“反正都是死,拼了!”
起初似乎只是小范圍的械斗爭水,但在極度恐慌和絕望的催化下,這星星之火瞬間燎原!
“走水了!”
不知是誰喊了一聲,一處營帳真的被點燃了。
火光騰起,如同投入滾油的火把,徹底引爆了積累已久的瘋狂。
混亂如同決堤的洪水,從西北角洶涌而出,迅速吞沒了外圍營區。
火光接二連三地燃起,映照出無數扭曲猙獰的面孔,士兵們失去了所有理智和紀律,他們不再是軍人,而是一群被求生本能和絕望驅使的野獸。
有人紅著眼搶奪同袍腰間的水囊,哪怕里面早已空空如也;有人揮舞著刀劍,盲目地砍向任何移動的影子;有人則尖叫著四處亂竄,將更多的火種帶向四面八方。
“瘋了!都瘋了!”丁奉剛走出營帳查看,就見數十個渾身是血、眼神狂亂的潰兵朝著他的營區沖來,只見這些士卒根本不分敵我,見人就砍。
營嘯!
見此情形瞬間這個詞瞬間掠過丁奉的腦海,那是在極度壓力下、因一點小事觸發、然后像瘟疫一樣蔓延的集體瘋狂,那種軍紀徹底崩潰、人性完全淪喪的地獄景象。
“結陣!擋住他們!”丁奉怒吼,拔刀劈翻一個沖到眼前的狂徒。
而董襲那邊同樣遭到了沖擊。更棘手的是,混亂之中,他隱約聽到有人在嘶喊:“擒孫權!獻劉琦!”“拿吳侯人頭,換條活路!”
顯然,不止丁奉曾有過那“更進一步”的想法,在這絕境之中,將孫權作為籌碼換取生機,已成為某些人眼中最直接的選擇!
聽到這些喊聲,正與亂兵廝殺的董襲心中猛地一凜!
倒不是因為擔憂孫權安危,而是董襲瞬間意識到一個致命危險――他們這些將領的營區,位于主營中層,拱衛著核心的孫權中軍大帳。
那些想要沖擊中軍、擒殺孫權的亂兵,或者從更外圍潰退下來的瘋狂人潮,首要沖擊的,就是他們這里!

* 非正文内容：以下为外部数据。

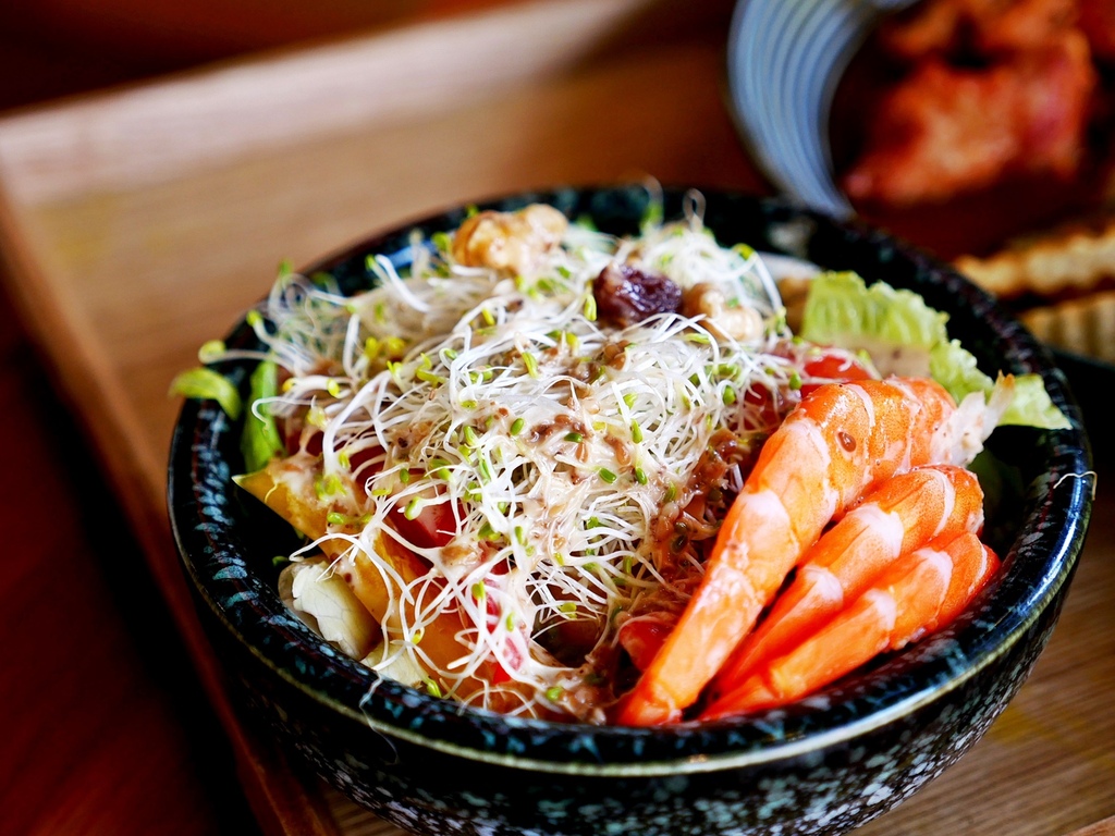 吃咖哩前來碗沙拉開胃一下,以美生菜、苜蓿芽、甜椒等多種新鮮生菜鋪底,綴上去殼蝦肉再淋上胡麻醬,蝦肉彈牙而醬汁鹹香濃郁搭配得剛剛好,沙拉看起來不大碗但份量卻很適合分享。

而古往今來,多少名將不是死于堂堂戰陣,而是莫名其妙地葬身于這種完全失控的營嘯亂兵之中,任你有通天武藝,在四面八方不分敵我的瘋狂攻擊下,也難逃一死!
“不能再等了!”董襲當機立斷。原本他還想著盡量收攏更多部曲,但眼下形勢驟變,每拖延一息,崩潰的洪流就更近一分。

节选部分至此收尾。